The war in Iraq took unilateralism a giant step forward with a war that, as U.N. Secretary General Kofi Annan recently noted, was illegal and is losing more legitimacy every passing day. The collapse of the Iraqi army showed how little of a threat Saddam posed to his neighbors, let alone the United States. In early October, chief U.S. arms inspector Charles Duelfer reported that Iraq destroyed virtually all its chemical and biological weapons in 1991. And in an exhaustive October 3 report, the New York Times revealed how the administration ignored and overrode the preponderant intelligence analyses that cast doubt on its false claims that Saddam had a nuclear weapons program.
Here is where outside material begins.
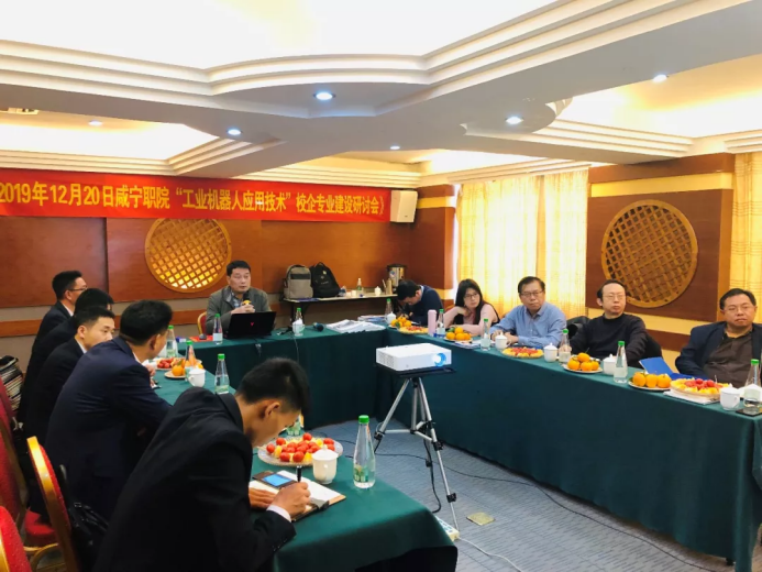 为响应国家发展战略,进一步深化产教融合,推进工业机器人技术专业校企合作工作,第二次工业机器人技术校企专业建设研讨会于2019年12月20日——22日在东莞智通教育集团举行,威廉希尔WilliamHill总会计师胡绍山教授、教务处吴涛处长、WilliamHill中文官网经理胡新和教授、工公司党总支书记柳明珠、WilliamHill中文官网副经理杨彦伟、智能装备系主任谢承、智通集团副总裁、智通教育总经理李纲领、经理黄廷胜及相关工作人员出席了此次研讨会。
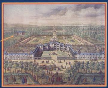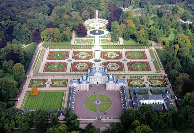 Het Loo is een paleis om vaker te bezoeken. Je ervaart er de luxe van ruimte en rust, die dit Veluwse jachtslot bij de Oranjevorsten zo geliefd maakte. De centrale as loopt precies van noord naar zuid. In het zuiden ligt de basse - court met de Dolfijnensprong; vier marmeren dolfijnen met ineengestrengelde staarten spuwen water naar alle windstreken. In het noorden liggen de uitgestrekte officiële tuinen met hun in broderie - patronen geschoren buxushaagjes, die zomer en winter groen blijven.

Saddam had no connection to the World Trade Center attacks, as the 9/11 Commission concluded. And both the CIA and Defense Secretary Donald Rumsfeld even recently admitted there is no proof of any connection between Saddam and al Qaeda.
It is now clear that Bush used 9/11 as an excuse to carry out an invasion of Iraq that many of his top administration officials had long advocated. But the question remains: Why did the Bush administration want to go to war in Iraq? And if this is the start of a new imperialism, what shape will it take?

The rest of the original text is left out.